[Opening Recorded information section]

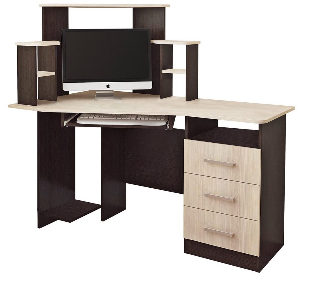 Un beau modèle de table d'angle, adapté au bureau, comporte deux plateaux, ce qui augmente considérablement la zone de travail. Une surface solide et volumineuse est en aggloméré laminé et vous permet de placer deux moniteurs de n'importe quelle taille en même temps, un plateau supplémentaire peut accueillir une petite imprimante ou des ustensiles d'écriture. Sous l'un des plateaux se trouvent des tiroirs pour ranger des documents et divers petits objets, y compris des fournitures de bureau. Un compartiment spécial est prévu pour l'unité centrale. Avant d'acheter, vous pouvez choisir l'emplacement souhaité du coin et des tiroirs. Les options de couleurs proposées par le fabricant vous permettent de choisir celle qui convient à l'intérieur, et l'assemblage est si simple que vous pouvez tout assembler vous-même sans l'aide d'assembleurs.
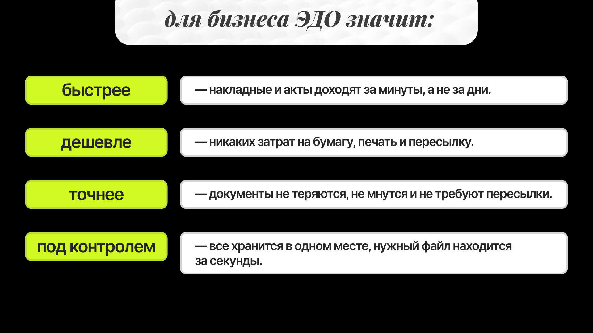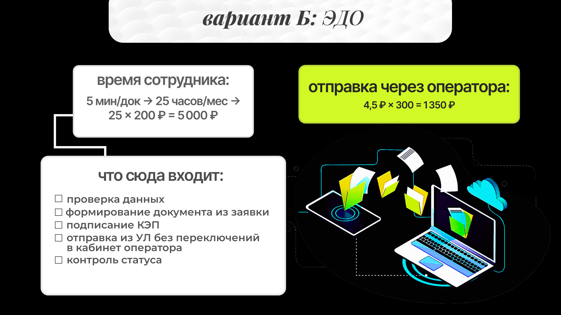 ЭДО — электронный документооборот. Партнеры обмениваются важными файлами вроде актов и заявок в цифровом виде с электронной подписью. В логистике ЭДО постепенно становится обязательным — по инициативе государства. Есть даже специальный термин для электронных документов в этой сфере — ЭПД. Туда входят накладные, заказ-заявки, путевые листы и не только. Мы посчитали, выгодно ли переводить бизнес в ЭДО.
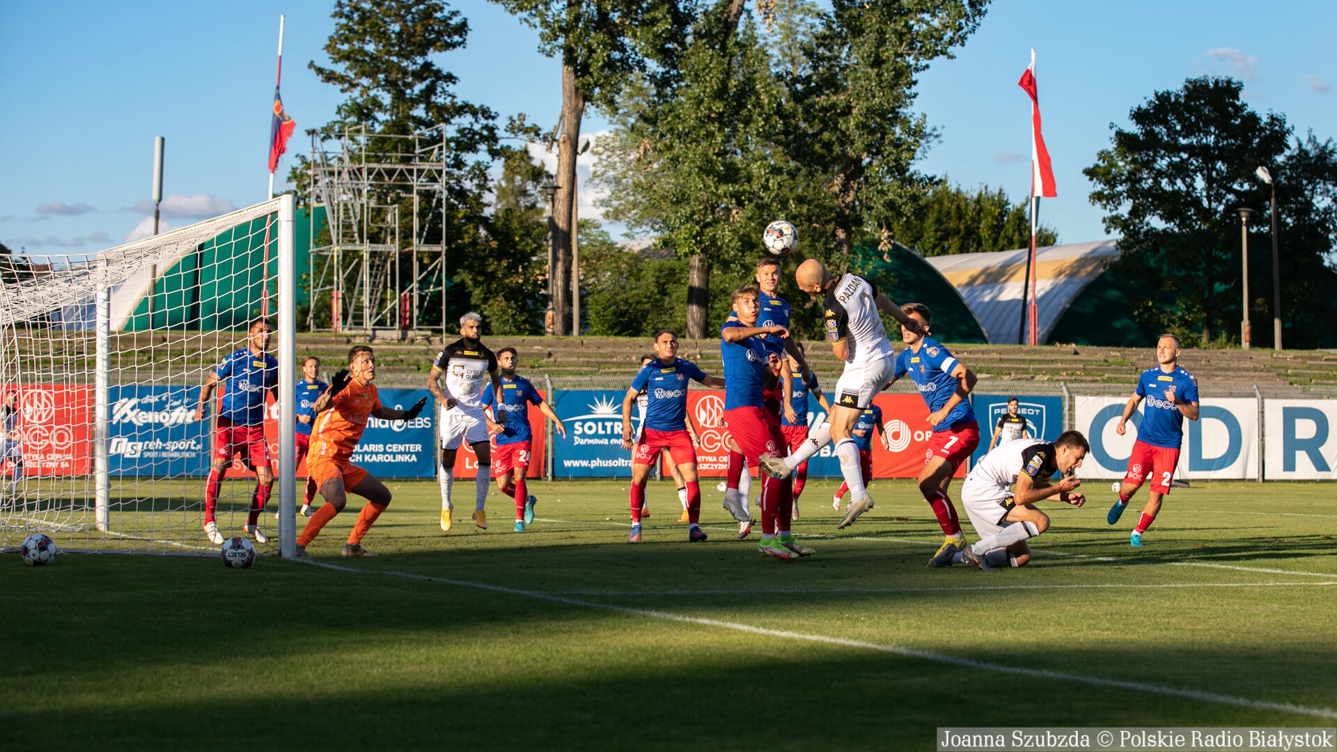 Kilka minut później gospodarze znowu mieli dobrą okazję do zdobycia bramki. Pomylił się Tiru, który chciał zagrać piłkę głową do własnego bramkarza, futbolówkę przejął Guzdek i mało brakowało, a zdobyłby bramkę.
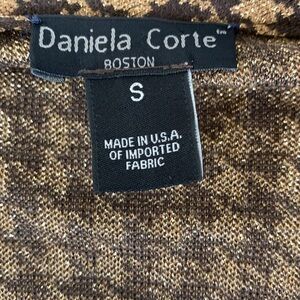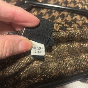 From designer Daniela Corte in Boston come this gorgeous brown and gold houndstooth long sleeve wrap dress. Fabulous.
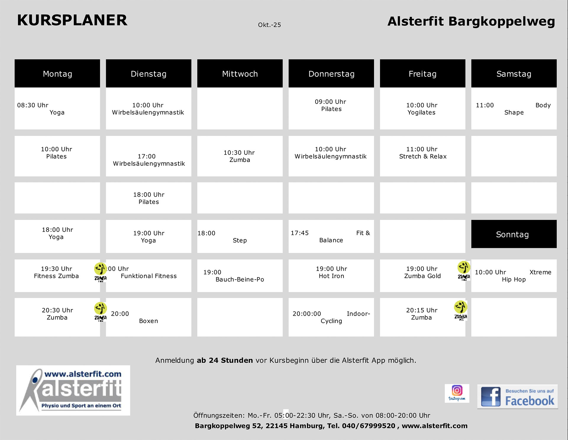 Alle Kurse im Alsterfit Fitnessstudio Rahlstedt »Funktional Fitness« und »Indoor Cycling« können aus organisatorischen Gründen nicht Tage im Voraus gebucht, sondern nur am Kurstag reserviert werden.
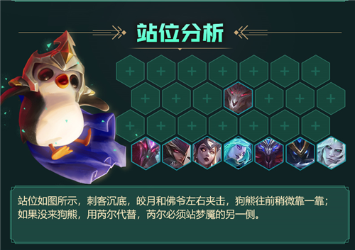 8人口凑齐6刺客,沃利贝尔单抗伤害,站位上稍微偏向梦魇的另一侧,这样他们砸到梦魇那一堆人堆里,没有狗熊的情况下上芮尔,站位与狗熊同理。
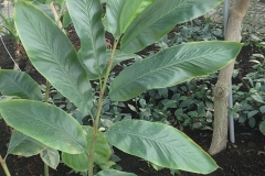 The plant has large glossy green leaves arranged in 2 rows on the upper half of the stem. Leaves are oblong-lance or lance shaped, up to 60-90 cm long and 10-15 cm wide and abaxially pubescent; below velvet-hairy, base pointed and tip tapering. Petiole is 2 cm and is grooved.
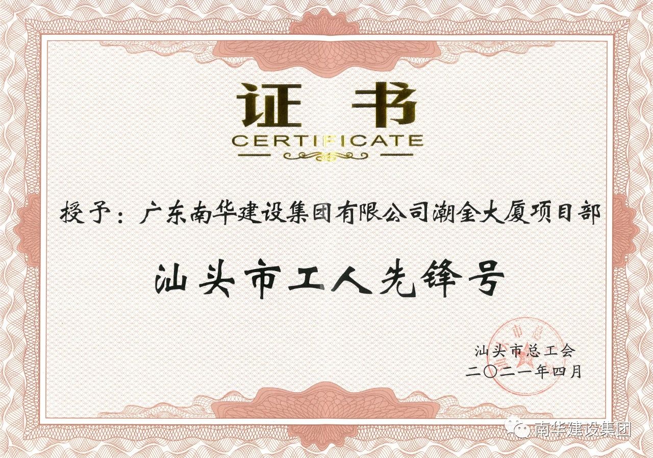 “五一”國際勞動節(jié)來臨之際,4月30日下午,市委市政府在市委會議中心大會堂召開汕頭市慶祝“五一”國際勞動節(jié)大會。南華建設(shè)集團“潮金大廈項目部”榮獲汕頭市 “工人先鋒號”稱號!潮金大廈項目部在公司領(lǐng)導(dǎo)班子和公司工會的帶領(lǐng)下,一直秉承“科學(xué)管理、創(chuàng)時代精品;誠信服務(wù)、讓客戶讓客戶滿意”的質(zhì)量方針與“以質(zhì)取勝、信守合同”的企業(yè)精神,以精細化管理規(guī)范自己,以標準化建設(shè)要求自己,團結(jié)奮進,銳意改革,狠抓建筑質(zhì)量與優(yōu)質(zhì)服務(wù),高效完成各項生產(chǎn)工作任務(wù)。2020年2月獲“汕頭市合格職工之家”稱號,2020年7月獲“汕頭市金平區(qū)先進集體”稱號。
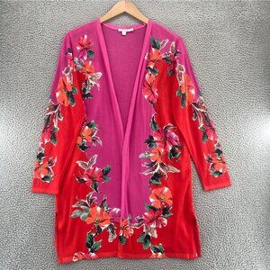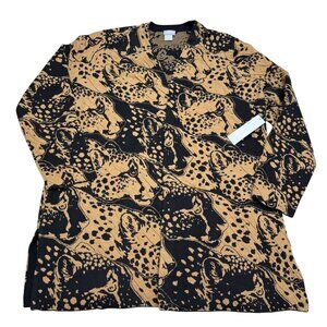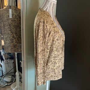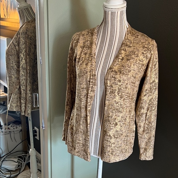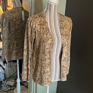 NWT. Chico's, size Small, Foil Print Cardigan Textured Brown Lightweight Sweater
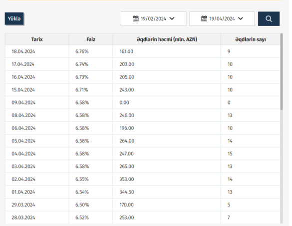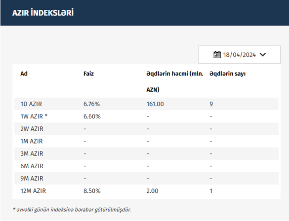 Azərbaycan Mərkəzi Bankı (AMB) 18.04.2024 tarixinə olan AZIR indekslərini açıqlayıb.
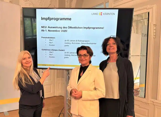 Ab November 2025 wird das Öffentliche Impfprogramm ausgeweitet. „Neu und ebenfalls kostenlos sind dann Impfungen gegen Pneumokokken – sie können z. B. bakterielle Lungenentzündungen mit oft schwerem Verlauf verursachen – und gegen Gürtelrose. Diese Impfungen stehen dann allen Personen ab 60 Jahren sowie jüngeren Risikogruppen kostenlos zur Verfügung“, begrüßt Prettner die Ausweitung.
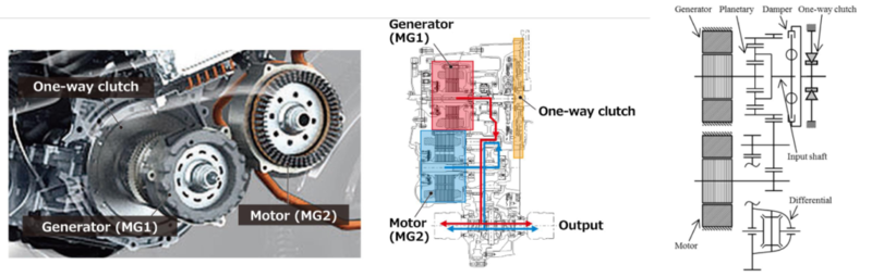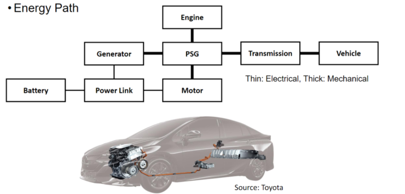 MG1 kiểm soát tốc độ quay của động cơ xăng bằng cách hấp thu hoặc cung cấp mô-men xoắn. MG2 trực tiếp truyền công suất đến bánh xe.
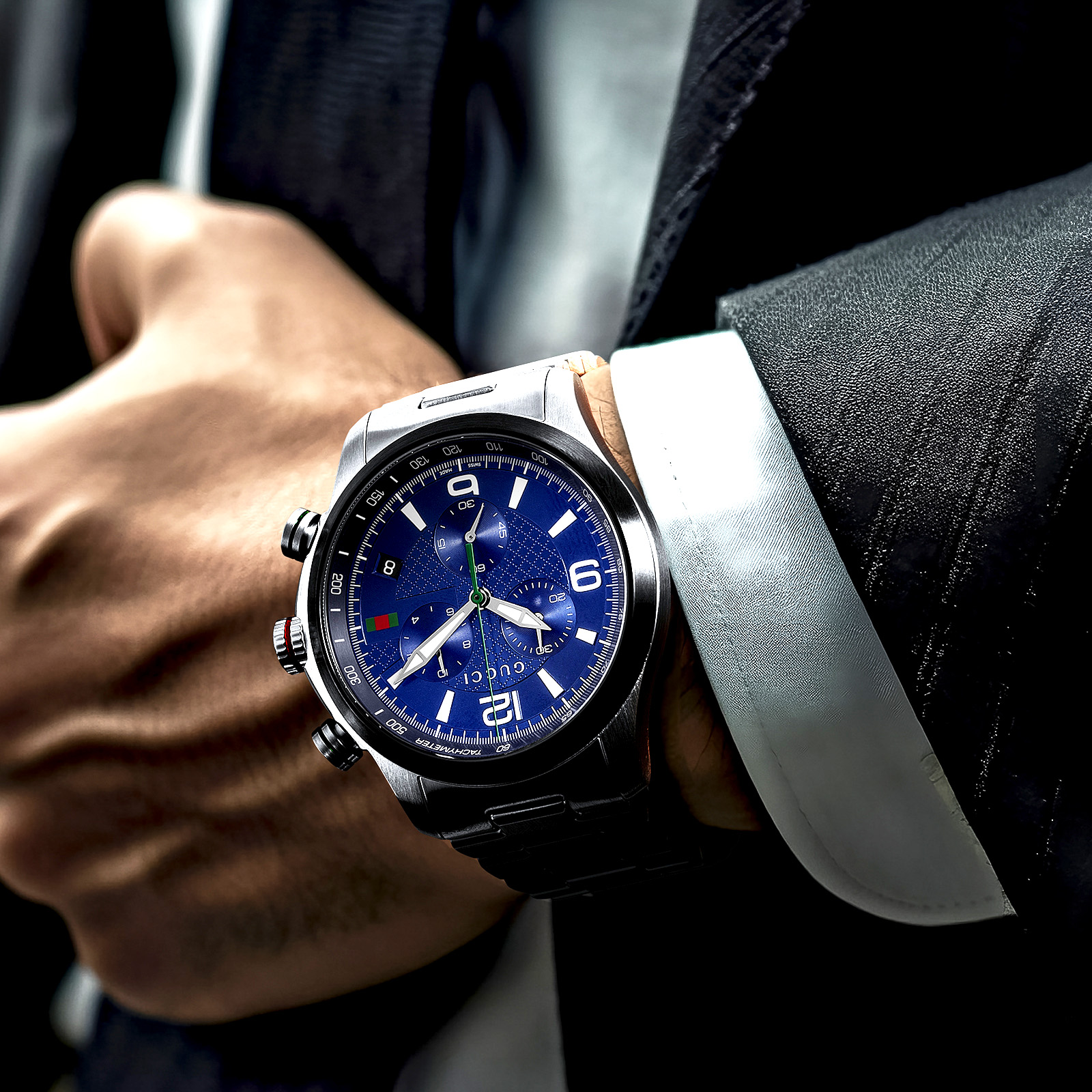 グッチらしい意匠が際立つクールなブルーダイヤル

[Closing Recorded information section]

## Task description
Everything from the line containing "Ab November 2025" to the last line of the listing above is to be written out exactly, except the pictures, and nothing else.

## Solution to this task
 Ab November 2025 wird das Öffentliche Impfprogramm ausgeweitet. „Neu und ebenfalls kostenlos sind dann Impfungen gegen Pneumokokken – sie können z. B. bakterielle Lungenentzündungen mit oft schwerem Verlauf verursachen – und gegen Gürtelrose. Diese Impfungen stehen dann allen Personen ab 60 Jahren sowie jüngeren Risikogruppen kostenlos zur Verfügung“, begrüßt Prettner die Ausweitung.
 MG1 kiểm soát tốc độ quay của động cơ xăng bằng cách hấp thu hoặc cung cấp mô-men xoắn. MG2 trực tiếp truyền công suất đến bánh xe.
 グッチらしい意匠が際立つクールなブルーダイヤル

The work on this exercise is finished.